------ Recorded information

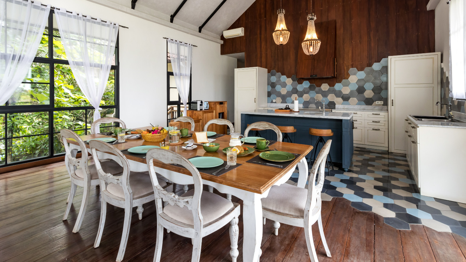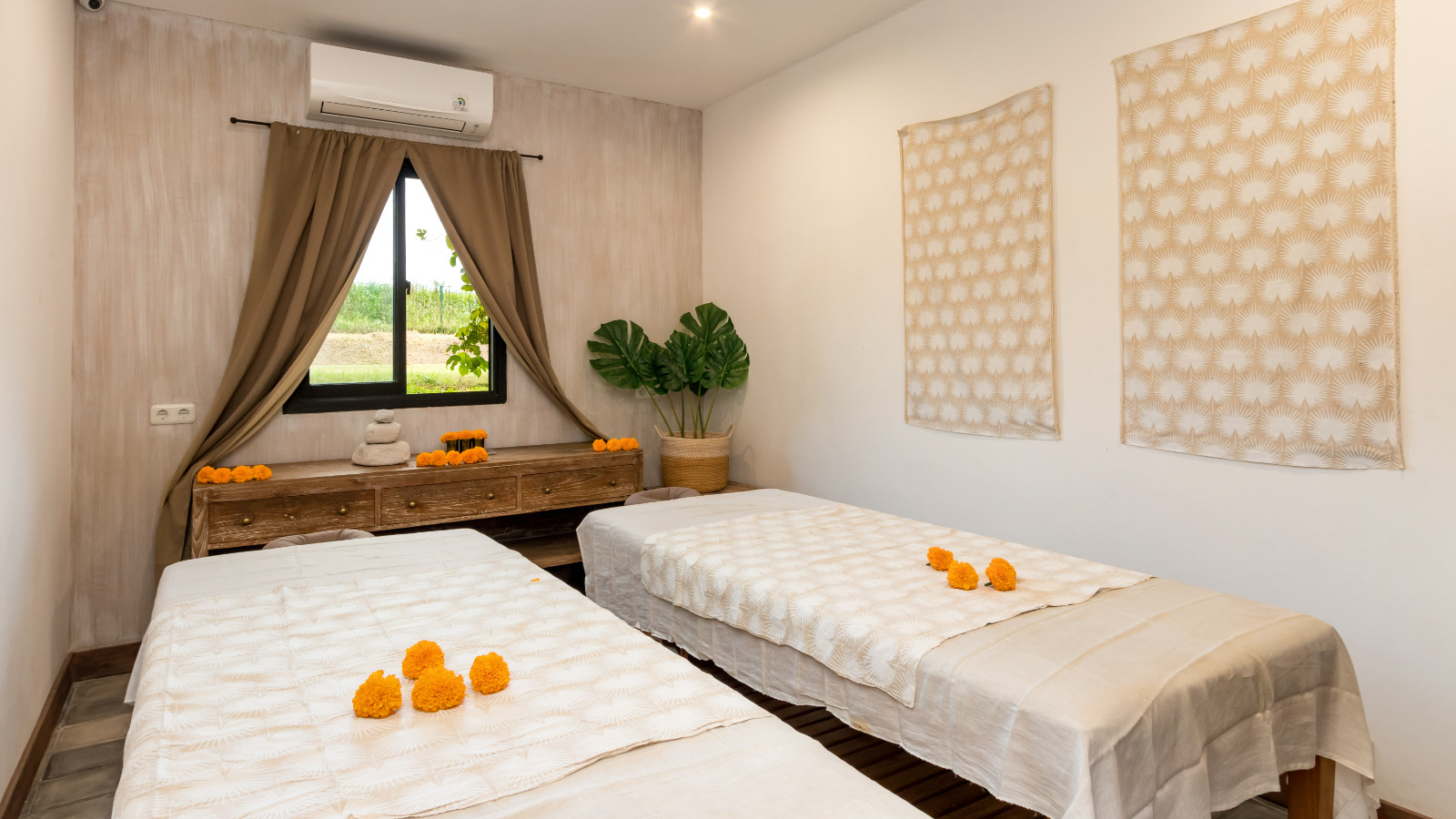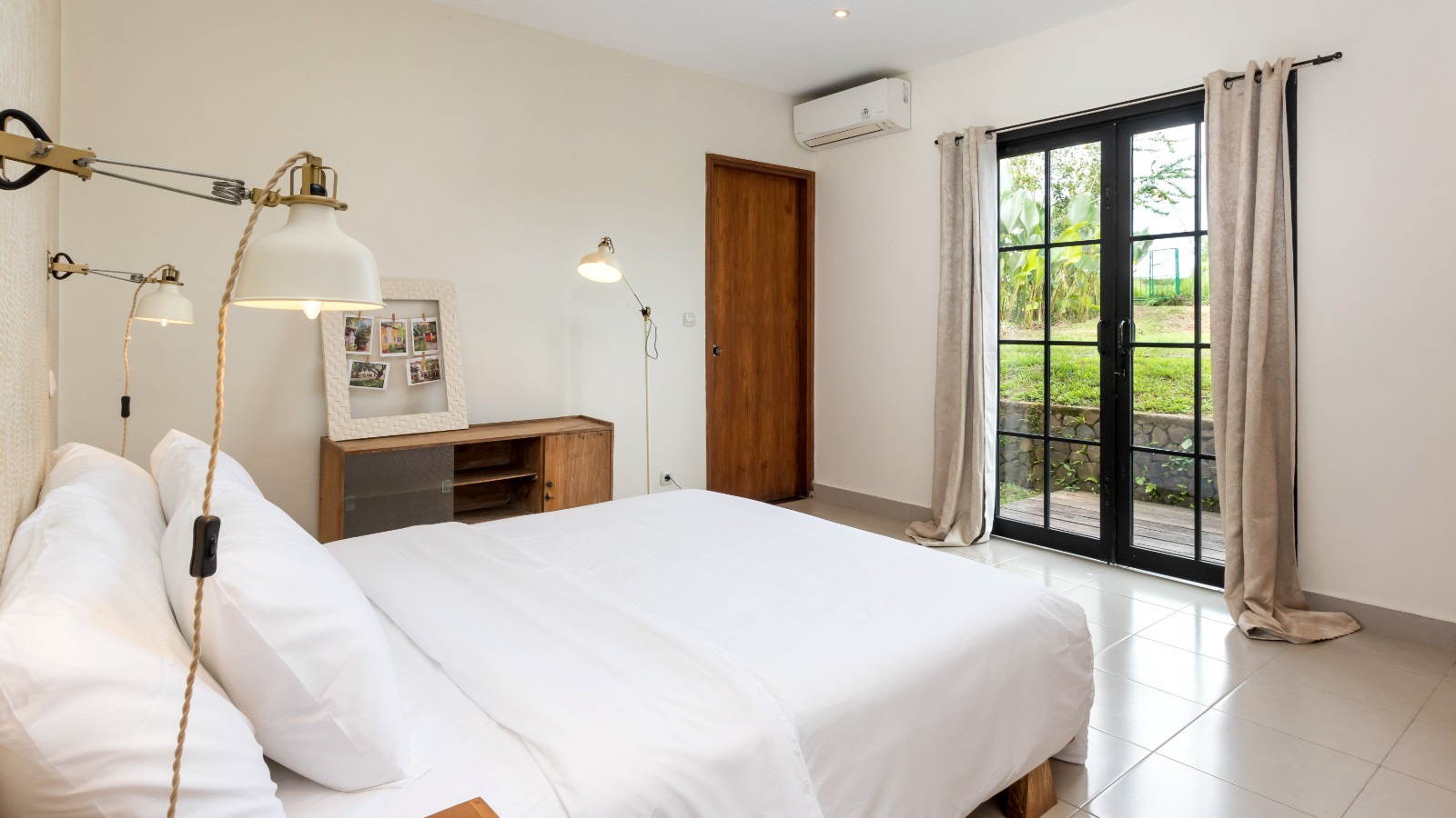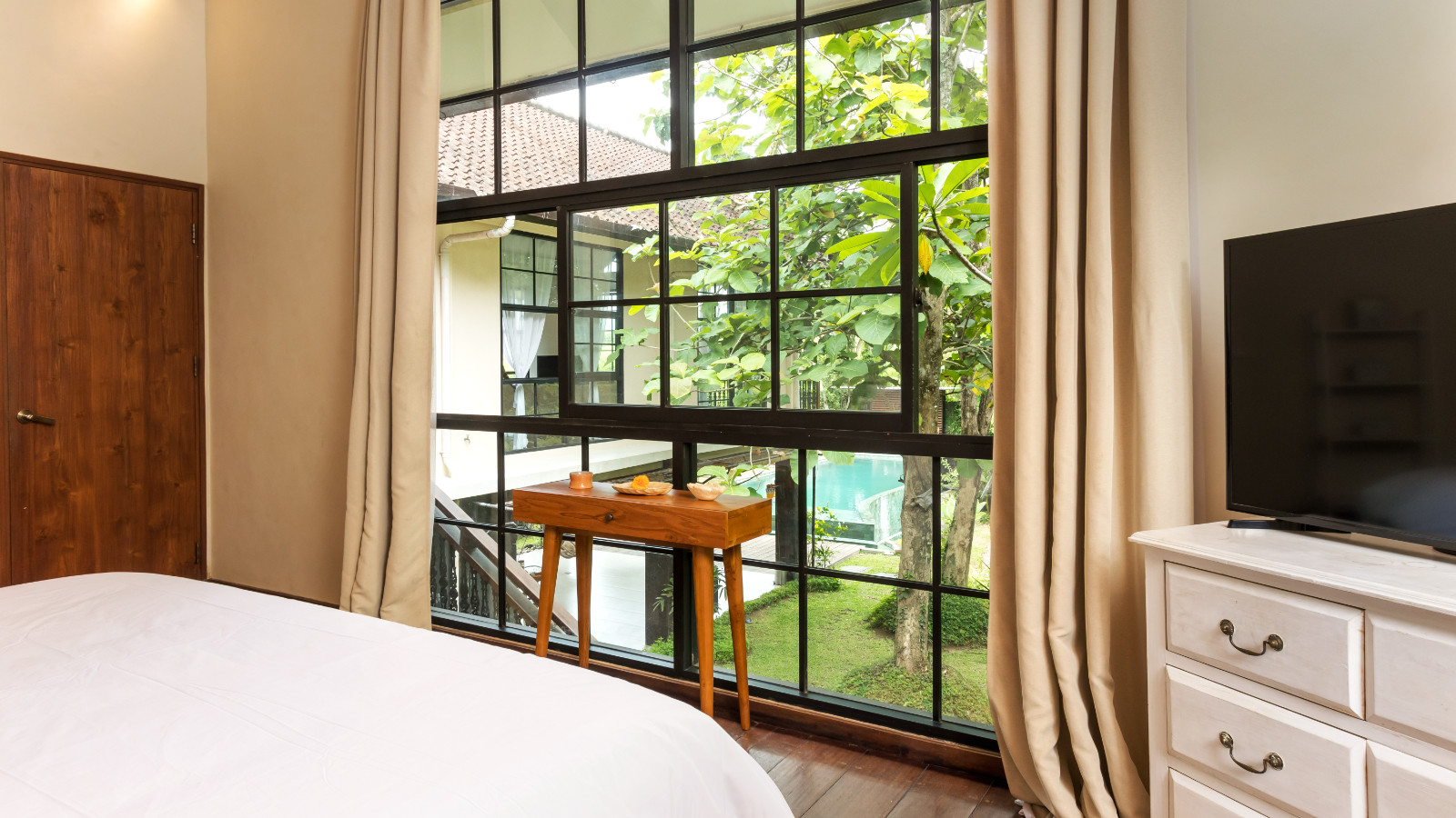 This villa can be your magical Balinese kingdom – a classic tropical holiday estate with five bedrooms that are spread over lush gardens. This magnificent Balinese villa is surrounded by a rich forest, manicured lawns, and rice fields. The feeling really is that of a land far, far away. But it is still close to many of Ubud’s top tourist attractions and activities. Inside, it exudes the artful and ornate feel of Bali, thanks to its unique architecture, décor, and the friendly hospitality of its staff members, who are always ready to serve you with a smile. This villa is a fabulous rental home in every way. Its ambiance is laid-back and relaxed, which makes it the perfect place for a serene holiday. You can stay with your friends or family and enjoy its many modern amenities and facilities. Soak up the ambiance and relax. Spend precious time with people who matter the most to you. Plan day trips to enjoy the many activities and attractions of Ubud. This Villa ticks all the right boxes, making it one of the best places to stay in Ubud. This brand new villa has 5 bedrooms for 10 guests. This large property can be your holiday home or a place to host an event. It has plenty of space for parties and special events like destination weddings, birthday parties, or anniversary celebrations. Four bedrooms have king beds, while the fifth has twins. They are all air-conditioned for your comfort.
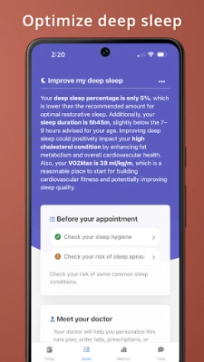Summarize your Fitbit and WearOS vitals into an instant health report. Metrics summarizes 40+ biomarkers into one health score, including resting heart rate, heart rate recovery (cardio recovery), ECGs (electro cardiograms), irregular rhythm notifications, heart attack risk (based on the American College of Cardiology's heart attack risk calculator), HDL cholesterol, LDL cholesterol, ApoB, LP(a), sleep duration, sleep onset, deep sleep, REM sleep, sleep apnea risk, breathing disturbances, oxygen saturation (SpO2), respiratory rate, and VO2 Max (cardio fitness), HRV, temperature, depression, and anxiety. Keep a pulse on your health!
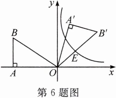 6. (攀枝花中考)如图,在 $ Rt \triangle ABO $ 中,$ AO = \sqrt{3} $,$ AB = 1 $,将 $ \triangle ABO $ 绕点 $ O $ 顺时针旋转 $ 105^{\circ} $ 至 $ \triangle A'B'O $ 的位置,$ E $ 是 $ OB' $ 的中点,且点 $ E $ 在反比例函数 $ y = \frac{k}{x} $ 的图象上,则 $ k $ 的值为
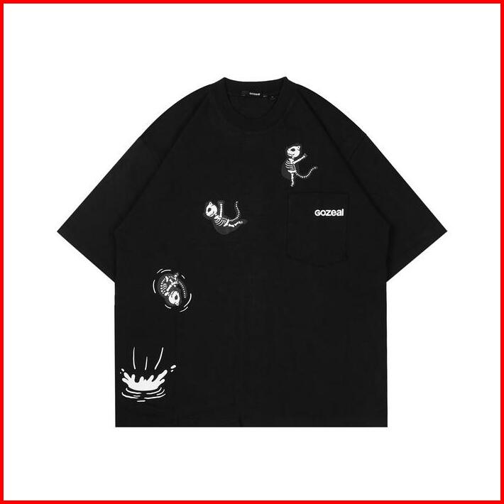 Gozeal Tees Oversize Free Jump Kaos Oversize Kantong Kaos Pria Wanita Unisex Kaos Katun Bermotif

------------

● What to work on
Please write out the lines above exactly, from the one that contains "6. (攀枝花中考)如图,在 $" through the final line, and include none of the pictures.

● Answer section
 6. (攀枝花中考)如图,在 $ Rt \triangle ABO $ 中,$ AO = \sqrt{3} $,$ AB = 1 $,将 $ \triangle ABO $ 绕点 $ O $ 顺时针旋转 $ 105^{\circ} $ 至 $ \triangle A'B'O $ 的位置,$ E $ 是 $ OB' $ 的中点,且点 $ E $ 在反比例函数 $ y = \frac{k}{x} $ 的图象上,则 $ k $ 的值为
 Gozeal Tees Oversize Free Jump Kaos Oversize Kantong Kaos Pria Wanita Unisex Kaos Katun Bermotif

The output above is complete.